Data entries:

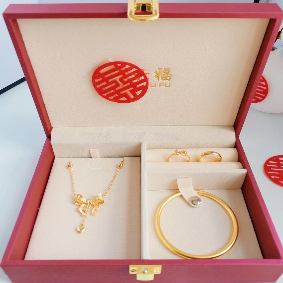 DRJEFUN Wedding Three Gold Jewelry Set Gift Box Wedding Fake Gold Necklace Engagement Fake Hardware Jewelry Simulation Table Sanshenghua Hardware Set + Gift Box Single Layer (for Gifts)
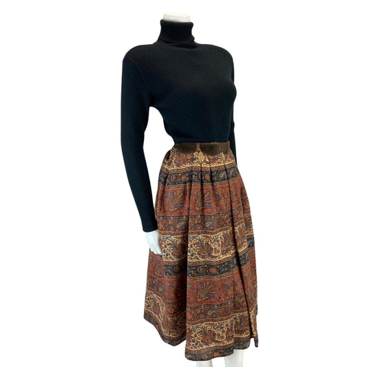 VINTAGE 70S 80S BROWN RED BETTY BARCLAY PAISLEY FLROAL BELTED WOOL MIDI SKIRT 8
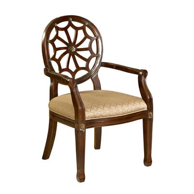 The Spider Web Back Accent Chair has a "medium mahogany" wood frame and an elegant diamond grain fabric seat. The unique details add interest and elegance. The perfect piece to add instant glamour to any space. Some assembly required. Accent chai... Read more
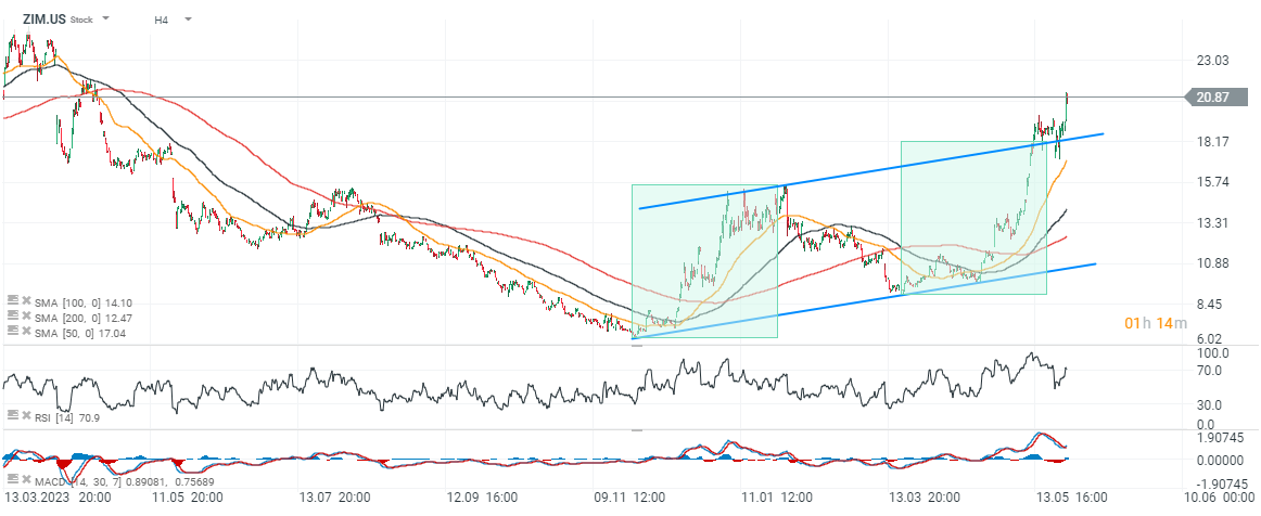 Akcie izraelskej prepravnej spoločnosti ZIM Integrated Shipping (ZIM.US) dnes zaznamenali ďalšiu úspešnú seansu, keď si pripísali takmer 8 %. Spoločnosť naďalej podporujú solídne makrodáta z globálnej ekonomiky. Spoločnosť nedávno oznámila výsledky, ktoré zaostali za očakávaniami, ale predpovedala obnovenie výplaty dividend v roku 2024, čo podporilo náladu investorov. V dôsledku toho sa akcie obchodujú s takmer 120 % nárastom z tohtoročných miním a od začiatku roka si pripísali už takmer 90 %.
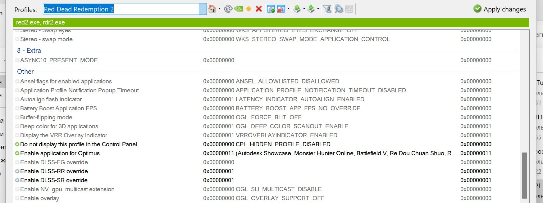 В настройках NPI нужно было выбрать RDR2 и применительно к этой игре проставить единицы вместо нулей в двух нижних черных строчках:
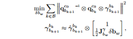 - 利用求解出来的qbc,结合相机间的约束,求解IMU角速度的bias。
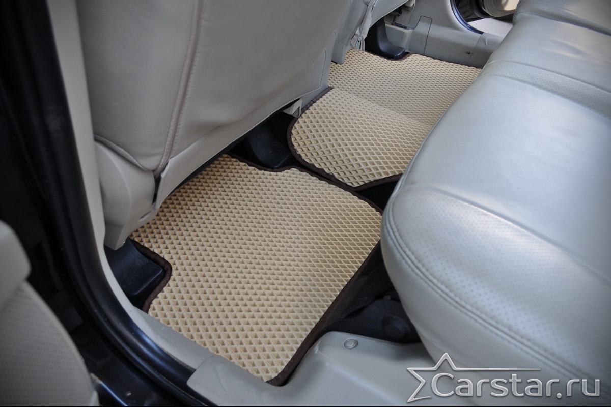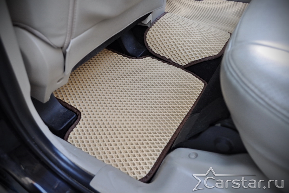 Толщина ковриков EVA составляет 10-12 мм. Глубина ячеек 7-8 мм. Такая толщина ковриков позволяет им служить довольно долго, не протираясь до 3 лет. А благодаря такой глубине ячеек коврик EVA площадью 1 кв.м. способен захватить около 3,5 л жидкости, сохраняя в чистоте вашу обувь и обивку салона.
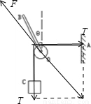 解:对滑轮受力分析,受连个绳子的拉力和杆的弹力;滑轮一直保持静止,合力为零,故杆的弹力与两个绳子的拉力的合力等值、反向、共线;
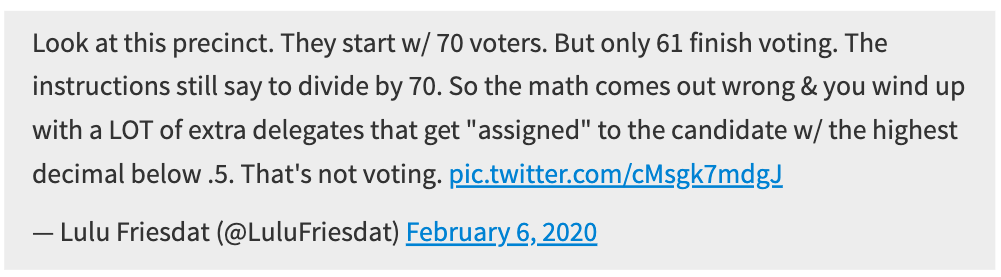 The media is saying that it is impossible to hoax a caucus, but when you’re talking about literally 3 votes, I refuse to believe that isn’t possible. With such close numbers, you could literally just start paying off a few delegates. We all saw the videos of delegates in the school gymnasiums trying to choose who to vote for. And Biden was declared “non-viable” in several precincts, so there were a bunch of delegates who couldn’t cast votes for him who could have been targeted.
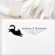 Cette typographie personnalisable et script retour adresse design d'étiquette caractéristiques mignonne, drôle sautant acrobat noir chatte silhouette. Vous pouvez facilement modifier la couleur, le nom et l'adresse de l'arrière - plan, le style de police, la couleur et la taille à l'aide des boutons Zazzle Edit Design et Personnaliser.
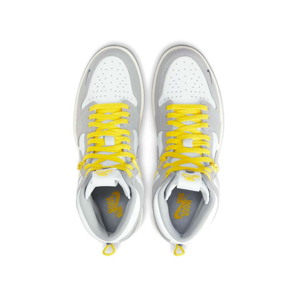 Jordan Brand has unveiled a new iteration of the Air Jordan 1 that allows it to transform into a low-top silhouette: AJ1 High Switch. Dubbed “Light Smoke Grey,” this model features a removable ankle collar zipper, offering a new spin on the court classic.Most of the shoe sports light uppers made up of delicate gray suede and white full-grain leather. There’s a large ripstop pull tab that sits at the tongue, complemented by a thin yellow one at the heel. Popping out against the shoe’s minimal leather uppers are a set of yellow laces that cover the forefoot, matching the same tone as the shoe’s removable ankle zippers. All of these details rest over a retro-like cream-colored midsole, finished off by a thin gray outsole.

# ACTIVITY:
Reproduce the records above exactly, but only from the line with "Толщина ковриков EVA" up to and including the line with "解:对滑轮受力分析,受连个绳". Leave the pictures out.

# ANSWER BOX:
 Толщина ковриков EVA составляет 10-12 мм. Глубина ячеек 7-8 мм. Такая толщина ковриков позволяет им служить довольно долго, не протираясь до 3 лет. А благодаря такой глубине ячеек коврик EVA площадью 1 кв.м. способен захватить около 3,5 л жидкости, сохраняя в чистоте вашу обувь и обивку салона.
 解:对滑轮受力分析,受连个绳子的拉力和杆的弹力;滑轮一直保持静止,合力为零,故杆的弹力与两个绳子的拉力的合力等值、反向、共线;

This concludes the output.